(DATASET CONTENT Opens)

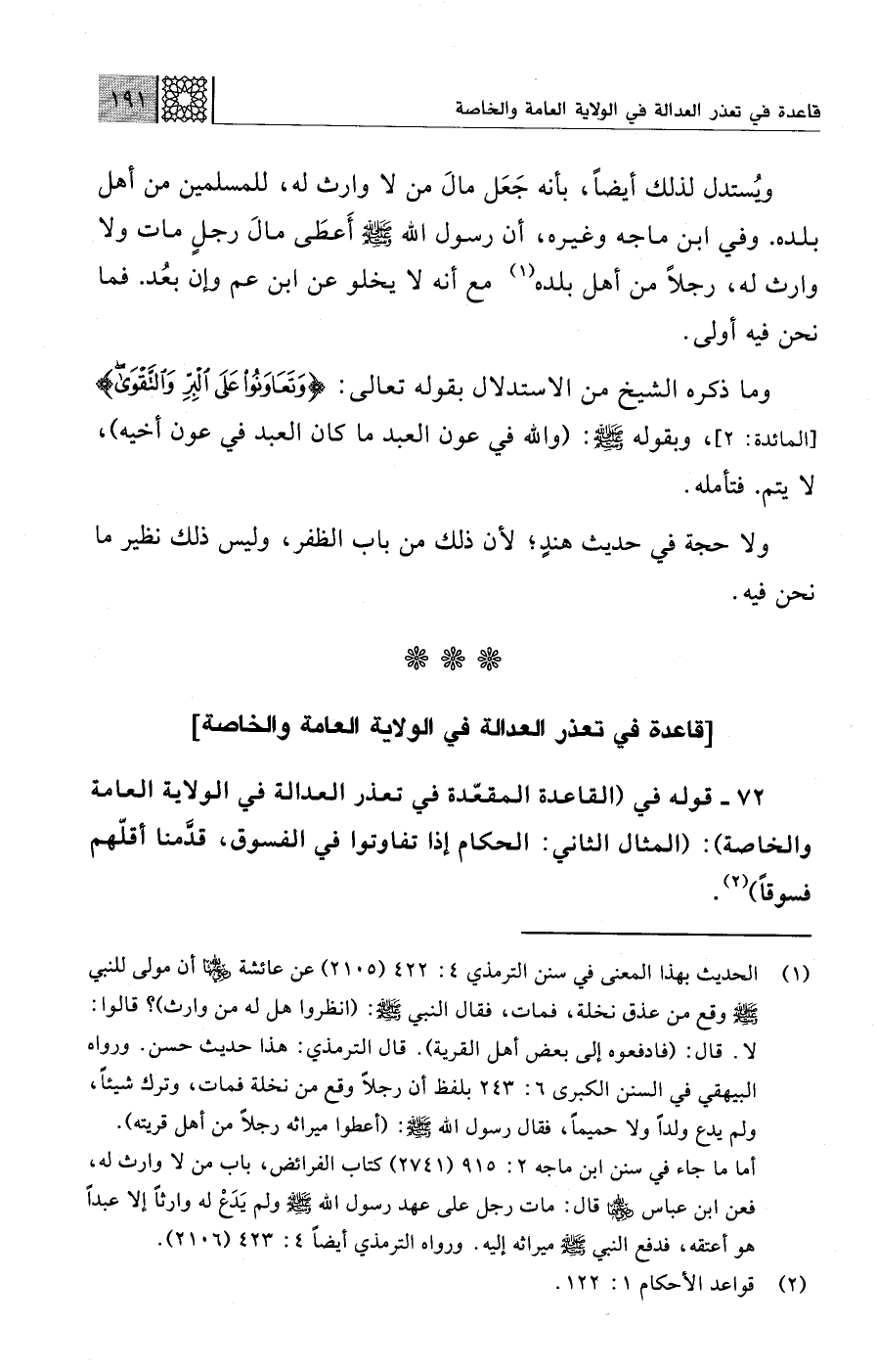 72 - قوله في (القاعدة المقعّدة في تعذر العدالة في الولاية العامة والخاصة): (المثال الثاني: الحكام إذا تفاوتوا في الفسوق، قدَّمنا أقلّهم فسوقًا) (¬2).
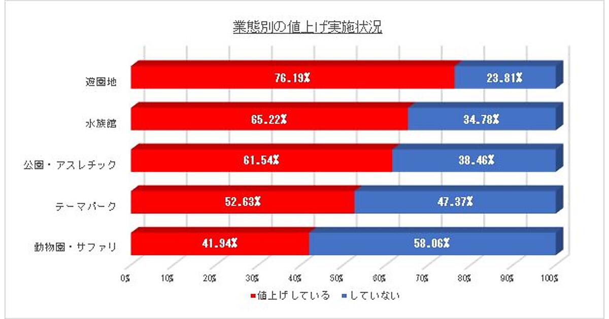 業態別で見ると、値上げ実施施設の割合が最も多かったのは「遊園地」76.1%。以下「水族館」65.2%、「公園・アスレチック」61.5%、「テーマパーク」52.6%は過半数が値上げを実施。一方で「動物園・サファリパーク」は41.9%と、値上げしなかった施設のほうが多かった。
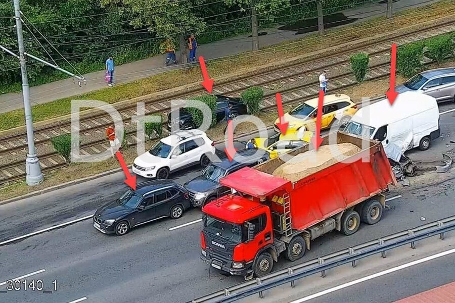 Инцидент произошел в районе пересечения шоссе Энтузиастов с Электродным проездом. Среди участников столкновения — большегрузный самосвал Scania, грузовой фургон, автомобиль такси и три легковых машины. Один из столкнувшихся автомобилей после ДТП вылетел на трамвайные пути, что привело к остановке движения по маршрутам 36, 37 и 43. Для проезда в сторону центра осталась свободной одна полоса из четырех. К 15 часам движение трамваев было восстановлено.

(DATASET CONTENT Closes)

## REQUIRED WORK:
Would you set down the material exactly as it stands, without the pictures?

## WRITTEN SOLUTION:
 72 - قوله في (القاعدة المقعّدة في تعذر العدالة في الولاية العامة والخاصة): (المثال الثاني: الحكام إذا تفاوتوا في الفسوق، قدَّمنا أقلّهم فسوقًا) (¬2).
 業態別で見ると、値上げ実施施設の割合が最も多かったのは「遊園地」76.1%。以下「水族館」65.2%、「公園・アスレチック」61.5%、「テーマパーク」52.6%は過半数が値上げを実施。一方で「動物園・サファリパーク」は41.9%と、値上げしなかった施設のほうが多かった。
 Инцидент произошел в районе пересечения шоссе Энтузиастов с Электродным проездом. Среди участников столкновения — большегрузный самосвал Scania, грузовой фургон, автомобиль такси и три легковых машины. Один из столкнувшихся автомобилей после ДТП вылетел на трамвайные пути, что привело к остановке движения по маршрутам 36, 37 и 43. Для проезда в сторону центра осталась свободной одна полоса из четырех. К 15 часам движение трамваев было восстановлено.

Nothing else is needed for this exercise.